En esta línea, Noemí García se puede definir como una artista, creadora de contenido e intérprete de lengua de signos, una faceta en la que ha destacado notablemente en el ámbito público. Su tarea va más allá de traducir mensajes o conversaciones, sino que trata de aumentar la visibilidad de la discapacidad auditiva y poner de manifiesto las adaptaciones necesarias de las personas sordas, con el propósito de crear una sociedad cada vez más inclusiva con todos los colectivos y tolerante ante las condiciones de cada individuo, sin renunciar a exprimir todas sus cualidades: «Agárrate fuerte, esto se llama vida«, indica en su descripción de redes sociales, donde ya supera los noventa mil seguidores.

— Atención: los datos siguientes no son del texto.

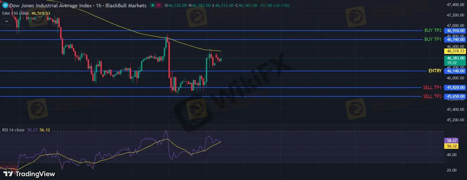 在 46140 下,看空,目标价位定在 45820 ,然后为 45650。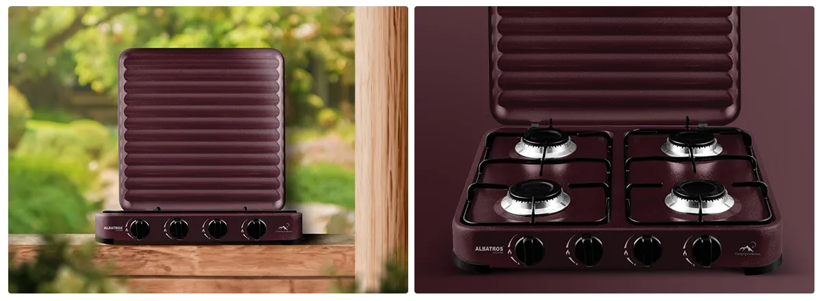 Plita pe gaz Albatros APG41BR este ideala pentru utilizarea in spatii exterioare. Functioneaza cu butelie tip GPL, aceasta plita ofera versatilitate, eficienta si siguranta in prepararea mancarurilor in aer liber.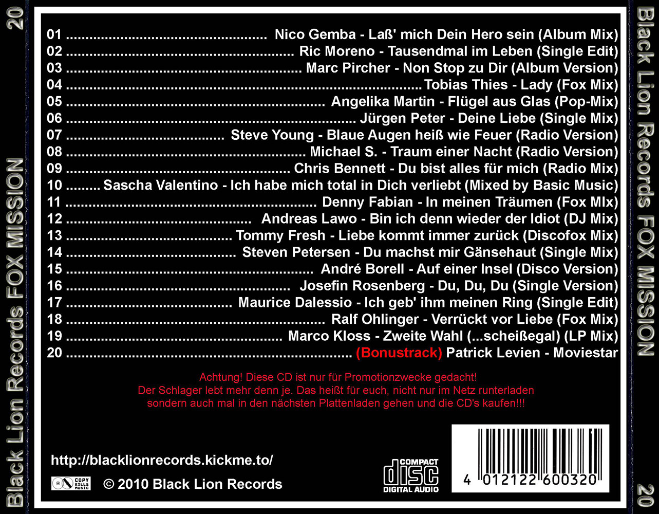 Black Lion Records präsentiert den Fox Mission Volume 20.
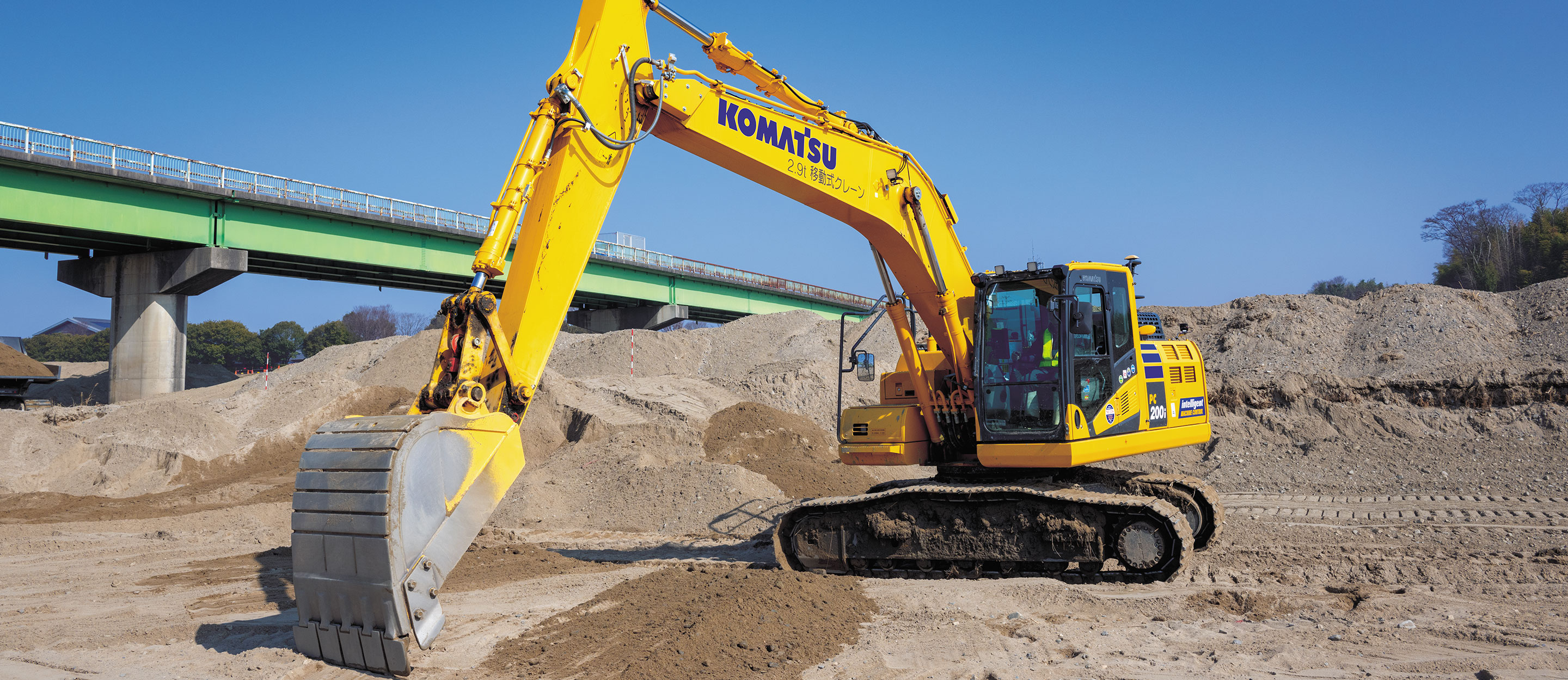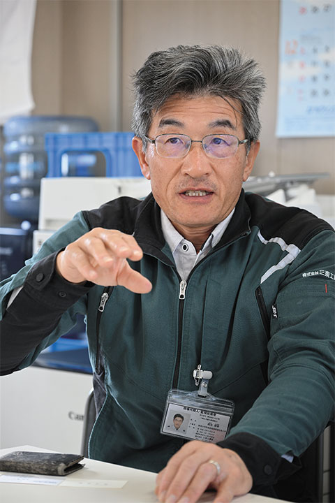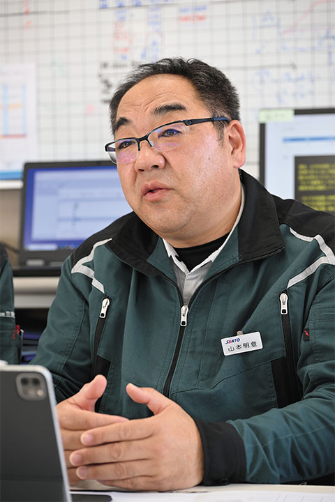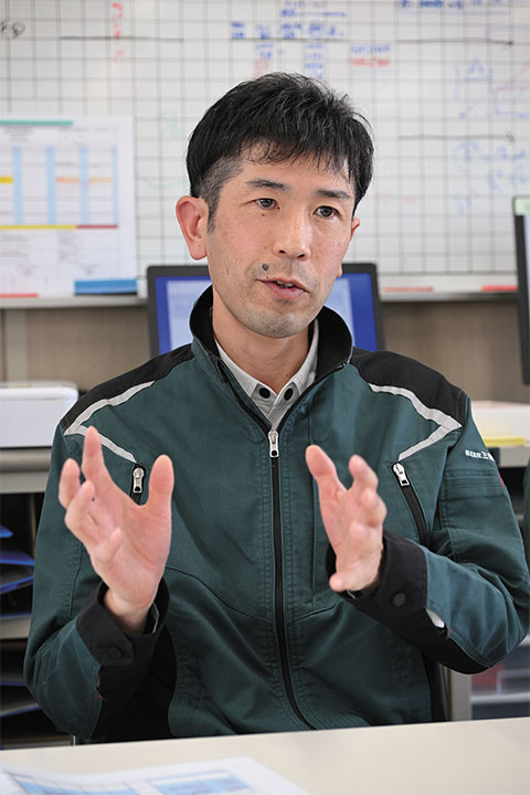 「従来は、朝から夕方にかけて1日中、2、3人でひたすら丁張り設置をしていました。特に河川の場合は石が多くあるため、杭が刺さらないこともよくありました。その作業がなくなったのは本当に大きいです」と、執行役員土木事業本部本部長の山本明登氏は語る。また、土木事業本部工事部工事長の岡治俊幸氏は「これまで事務的な業務は、現場終了後に事務所に戻り、残業時間に処理するしかありませんでした。業務時間が短縮したことで有効活用できる新しい時間が生まれ、残業時間削減につながっています」と、ICT施工のメリットを説明する。また、従来は手元作業員として1、2名が建機周辺で作業を行っていた。工事現場には土砂を運搬するダンプカーが1日に延べ100台以上往来する。それぞれが高い安全意識で業務を行っているが、どうしても作業には危険が伴う。ところがICT施工を導入すれば手元作業員が必要ないため、安全性が大きく向上した。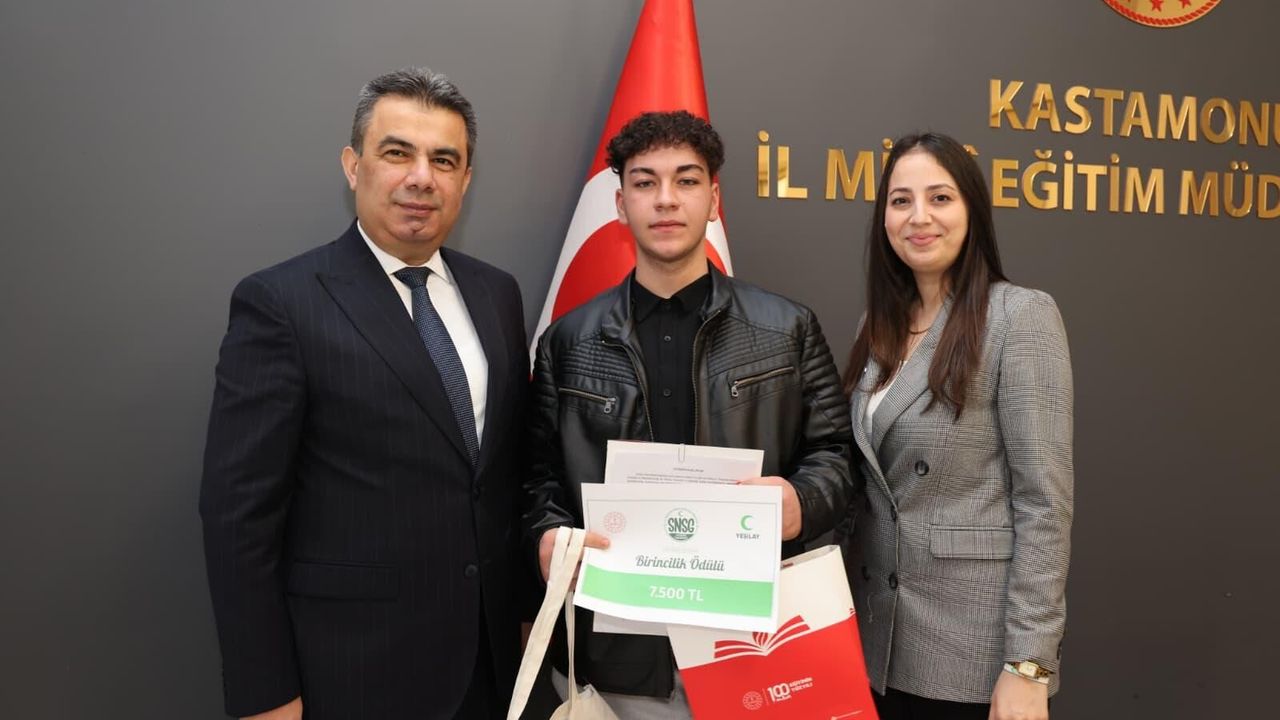 Kastamonu İl Milli Eğitim Müdürlüğünde gerçekleştirilen ödül töreninde öğrencimiz, ödülünü İl Milli Eğitim Müdürü Hasan Gümüş ve Yeşilay Kastamonu Yönetim Kurulu Üyesi Sayın Nagihan Şahin’in elinden aldı.

La importancia de la lengua de signos
Una de las principales vías de actuación -y de reivindicación- en las que trabaja Noemí García es en instalar el aprendizaje de lengua de signos en la sociedad para poder establecer comunicaciones con las personas sordas, revelando que este gesto también forma parte del concepto inclusión social. Y de accesibilidad, por supuesto. Sin embargo, esta influencer sorda cree que es «una situación utópica«, al menos a día de hoy, a pesar de que estima «que es posible, desde luego que se puede». El primer paso para hacer realidad este sueño «para que todas las personas signemos» es construir desde la base, es decir, «se debe comenzar desde la educación«. Del mismo modo, desde estas edades precoces, también sería interesante ir creando conciencia y sensibilidad sobre la discapacidad, trabajando para fomentar valores e inculcando la diversidad como un aspecto innegociable de sociedades venideras.
En consecuencia, «si el mundo estaría diseñado para personas sordas, muchas de las cosas que vemos no estarían diseñadas así», le comentan a Noemí en una de las entrevistas que ha hecho públicas en su perfil de redes sociales. A ello, la joven influencer responde que «lo más importante para mí, algo que me preocupa mucho, es intentar acortarme -el contenido de la conversación- para que la comunicación sea más fácil y más rápida«, lamenta. Si la sociedad aprendiera lengua de signos, podríamos «ver y valorar como trabajan las personas sordas»; al no saber este lenguaje tendemos a pensar que ‘no es capaz’, «pero la realidad es que tú no eres capaz de poder valorar eso», defiende Noemí García.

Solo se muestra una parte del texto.